← Back to team overview

launchpad-dev team mailing list archive

Re: Reliable bug syncing - UI changes

 

On Thu, 14 Jan 2010 00:04:24 +0000
Tom Berger <tom.berger@xxxxxxxxxxxxx> wrote:
...
> >> For the bugtracker as a whole, we need to display information about sync
> >> runs,
> >> and a way to trigger a new sync.
> >
> > I'd re-use the same pattern for forcing a sync as the other page.
> > Can we show a log?  Maybe next to the last sync, we could show a log so
> > people can figure out what the problem is for themselves.
>
> The problem with logs is that we don't run updates for inidividual
> bugtrackers necessarily, so we'll have to try and figure out how to
> pull out of the log the bits pertaining to the bugtracker. Gavin, any
> ideas on how we might be able to do that?

Right now, the bugwatch table has a lastchecked field (a timestamp)
and a last_error_type field (an enum), both of which will be
straighforward to summarize on the bug tracker page.

Tom also suggested borrowing Deryck's graph, and I think that would be
perfect to show on the bug tracker page. This shows how many bug
watches are out of date (over 24 hours old iirc), so it gives us an
idea of how well the checkwatches machinery is working (lastchecked is
updated even if there's an error).

A quite different chart would be a line chart of errors against time
on the x-axis, with one line for each last_error_type:

  NULL (i.e. okay), UNKNOWN, BUG_NOT_FOUND, CONNECTION_ERROR,
  INVALID_BUG_ID, TIMEOUT, UNPARSABLE_BUG, UNPARSABLE_BUG_TRACKER,
  UNSUPPORTED_BUG_TRACKER, PRIVATE_REMOTE_BUG.

We don't record the historic information needed for this, but we could
consider it.
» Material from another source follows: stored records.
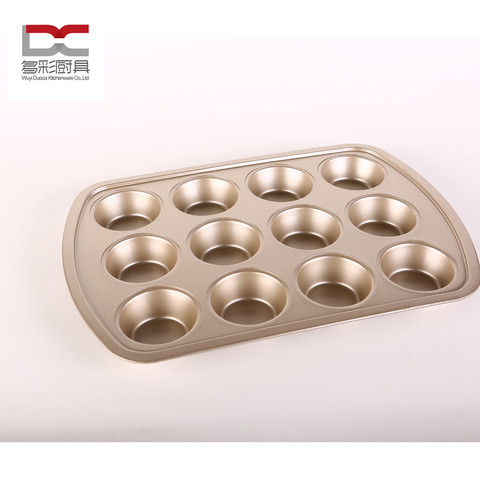 Shamapage antiadherente de Metal y acero al carbono, 12 tazas de Color dorado, redondo, para pasteles, muffins, bandeja para hornear, herramienta de cocina, nuevo estilo
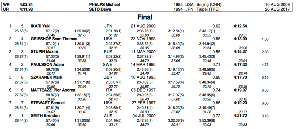 Taking first by over a second was Japan’s Yuki Ikari with a 4:12.54.
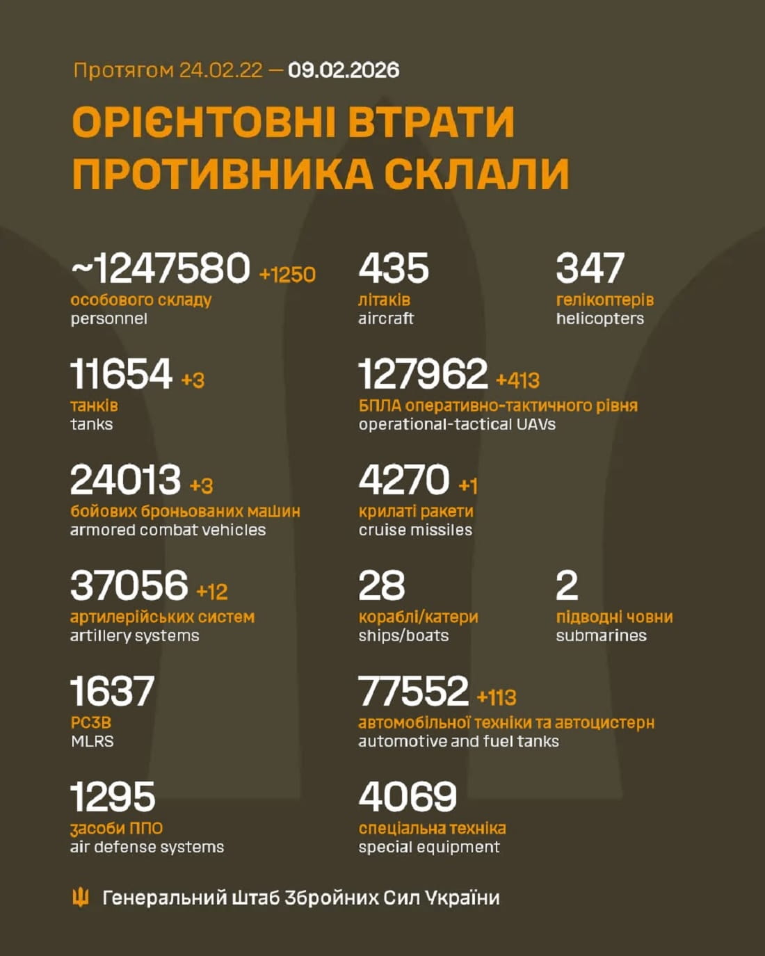 Вже мінус 1 247 580 : Генштаб ЗСУ назвав свіжі дані втрат загарбників за час їхнього вторгнення в Україну
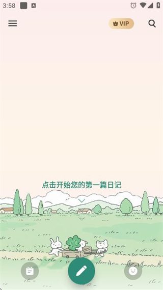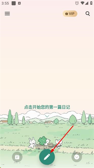 1、在APP首页,点击底部的笔形按钮,进入日记编辑页面。

A chart of this to summarize all bug trackers could be
useful too. In both cases I think the NULL, UNKNOWN, TIMEOUT and
CONNECTION_ERROR errors would be the most relevant. Maybe
UNSUPPORTED_BUG_TRACKER too.

<takes a breath>

Concurrent with the UI changes we're going to move checkwatches over
to a job system (the same as used for the generation of preview diffs,
for example). The job table has a few more fields that give away
information about the health of the job: status (enum), progress
(int), attempt_count (int), log (text).

However, as with the bugwatch fields, a record in the job table will
represent a single bug watch update, so we'll need to summarize for
the bug tracker page:

- In addition to the lastchecked (Deryck's) graph, have a graph
  showing how long since the last *successful* update.

- Normalize the free-form log information and summarize
  that. (Probably more bother than it's worth.)

- Show, say, the 5 most recent watch update failures in the past 24
  hours (click through for more detail).

- Some errors are caused by bad data (BUG_NOT_FOUND, INVALID_BUG_ID,
  UNPARSABLE_BUG_TRACKER, UNPARSABLE_BUG), some by bugs in our code
  (UNKNOWN, ...), some by misunderstandings (PRIVATE_REMOTE_BUG), some
  by outages (UNKNOWN, CONNECTION_ERROR, TIMEOUT). Try to coarsely
  categorize and count errors to determine health indicators (traffic
  lights), one for checkwatches, one for the remote system, etc.

I don't think we can do all of those though!

Gavin.



References